EXHIBIT 10.1(a)
FORM 10-Q
QUARTER ENDED SEPTEMBER 30, 1995
FIRST AMENDMENT TO CREDIT AGREEMENT
THIS FIRST AMENDMENT TO CREDIT AGREEMENT, dated as of June 22, 1995,
amends and supplements the Credit Agreement dated as of December 14, 1994 (the
"Credit Agreement") between Bucyrus-Erie Company (the "Company") and Bank One,
Milwaukee, National Association (the "Bank").
RECITAL
The Company and the Bank desire to amend and supplement the Credit
Agreement as provided below.
AGREEMENTS
In consideration of the promises and agreements set forth in the Credit
Agreement, as amended hereby, the Company and the Bank agree as follows:
1. Definitions and References. Capitalized terms not defined herein
have the meanings assigned in the Credit Agreement.

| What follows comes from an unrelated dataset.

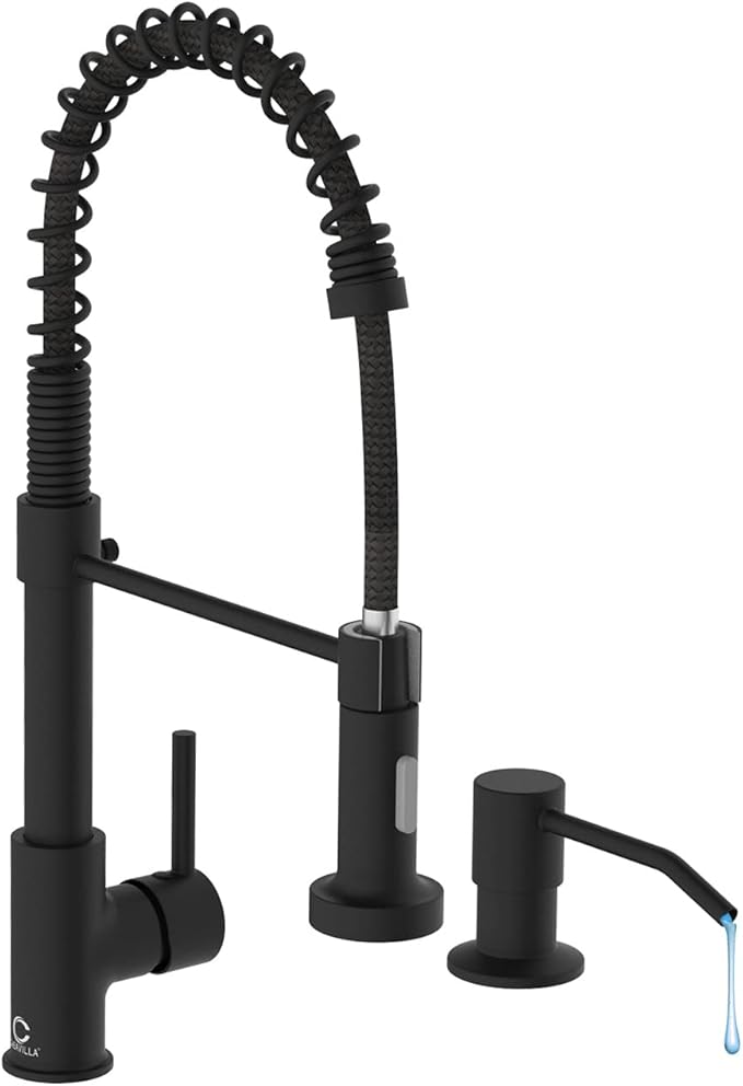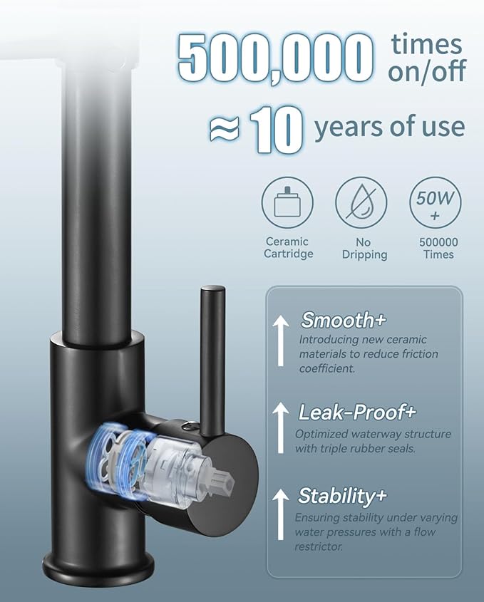 - 【EASY MAINTENANCE】Lead-free solid brass body and commercial SUS 304 stainless steel spring construction forged products. Matte Black surface treatment added 18/8 Chromium/Nickel content provides a superior anti-corrosion and anti-rust finish that prevents dirt such as fingerprints or water stains from adhering to the faucet surface, making the kitchen look cleaner. Daily cleaning with a cloth or water is enough, less time cleaning and more time having fun with your family.
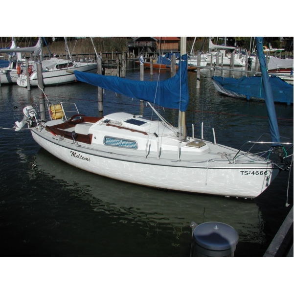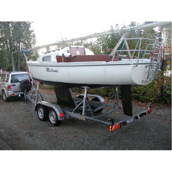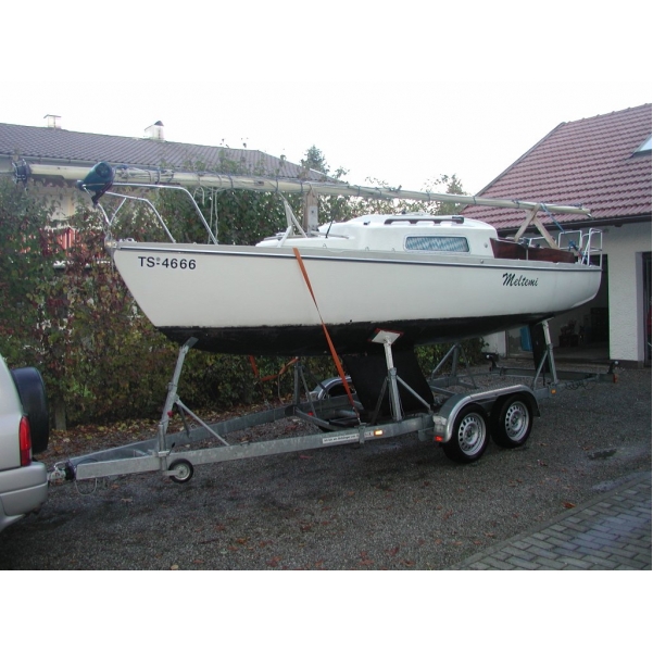 Länge 6,60m, Breite 2,20m, Festkieler Tiefgang 0,95m, Masthöhe 8,00m, Gewicht ca. 1600Kg davon 450Kg Ballast (Bulbkiel) das komplette Gespann wiegt knappe 2 Tonnen, ca. 20m² Segelfläche. Baujahr 78

Upon the fulfillment of
the conditions set forth in section 3 below, all references to the Credit
Agreement contained in the Loan Documents shall mean the Credit Agreement as
amended by this First Amendment to Credit Agreement.
2. Amendments.
(a) The definition of Revolving Note contained in section 1 of the
Credit Agreement is amended to read as follow:
"Revolving Note" means (a) the promissory note issued by the
Company and payable to the order of the Bank evidencing loans under
section 2.1(a)(i) in the form of Exhibit A attached hereto and (b) the
Supplemental Revolving Note.
(b) The following definition is inserted, in appropriate alphabetical
order, into section 1 of the Credit Agreement:
"Supplemental Revolving Note" means the promissory note issued by
the Company and payable to the order of the Bank evidencing loans under
section 2.1(a)(ii) in the form of Exhibit E attached hereto.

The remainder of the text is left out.